International law firm Allen & Overy is close to reaching the number of jobs it committed to creating in Northern Ireland just one year after opening its new Belfast office.

The London-based company opened its support and legal services centre on Donegall Quay to much fanfare in November last year, promising 317 jobs within five years in return for £2.5m in financial support from Invest NI.

But service centre manager Andrew Brammer (above) said the magic circle law firm has already hired 250 staff and this number will rise to 285 once its current round of recruitment is complete.

"We're rushing up towards the target. With the vacancies and the headcount we have at the moment we're up to 285 against the 317 in just over 16 months. We committed to that over a five year term with Invest NI so we're well ahead of where we said we would be," he said.

"We are currently advertising to build a business development capability here and we are also expanding our legal services centre as well," he added.

Allen & Overy is an international legal practice with around 4,750 staff, including some 480 partners working in 40 offices worldwide.

The Belfast office carries out a range of functions to support the global business including finance, IT, business services, human resources, marketing and legal services.

The firm evaluated 20 locations worldwide before deciding to invest in Northern Ireland, at the time citing the highly skilled workforce and cost effective working environment.

Brammer said that its clear strategy and the quality of people it has been able to hire had given the firm the confidence to grow at an accelerate rate. Only a handful of employees in Belfast transferred over from Allen & Overy's London office. Everyone else was hired from the local Northern Ireland market or has used the firm's presence as an opportunity to move home.

"The associates that we've hired and the senior lawyers are all Northern Irish people who've come through the education system here, gone to London, Dubai, elsewhere in the world, to get international legal experience and then brought that experience back to the roles we've created in this office," said Brammer.

The service centre head notes that while it is a significant employer of legally trained people the Belfast office does not do advocacy and is "the only Allen & Overy office where you can't directly instruct a lawyer".

However, the local team are playing a key role in its network by covering all back office functions.

"It is part of the global network of 40 offices and provides key transactional services to over £400m of that business. The guys working here are providing services to offices right around the network. We would deal with around 20,000 legal documents a year in Belfast and 22% of our revenues are driven through legal transactions that involve five or more jurisdictions," he said.

The only slight challenge Allen & Overy has faced is a tightness in some areas of the recruitment market where specific IT skills are required.

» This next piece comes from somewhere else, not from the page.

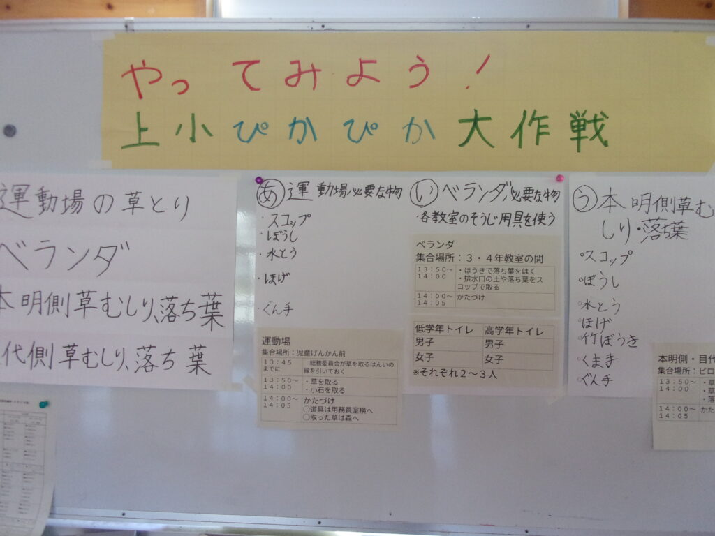 豊かな自然に囲まれ、緑の木々がもたらすすばらしさは何にも代えがたいものです。しかし、あちこち元気よく草花が生い茂り、落ち葉と一緒にあらゆるところを覆ってしまうのはどうにかしたい!児童会の総務委員会が立ち上がりました。その名も「上小 ピカピカ大作戦」毎週1回、落ち葉や草花の清掃を企画しました。清掃活動は自治的風土を高めるために、日頃から全校児童の縦割り班で行っています。ピカピカ大作戦も縦割り班で5、6年生を中心にして行います。ピカピカ大作戦の第1回目は10月24日、目代側、本明川の登校坂や階段が✨ピカピカ✨になりました。

However, Brammer notes this has led the firm to get involved with South Eastern Regional College on a legal document skills course to ensure a pipeline of suitable candidates and also raise its profile as an employer of choice.

"The IT market is a bit tighter, there's no doubt about it. But I see that in the context of the labour pool. You've got 1.7 million living in Northern Ireland compared with 10 million in metropolitan London and NI is becoming a more attractive proposition. We definitely think that competition will increase in the medium term for skills we're interested in and IT will be part of that. But this is a long-term play for Allen & Overy in Northern Ireland, and it is something we're prepared for," he said.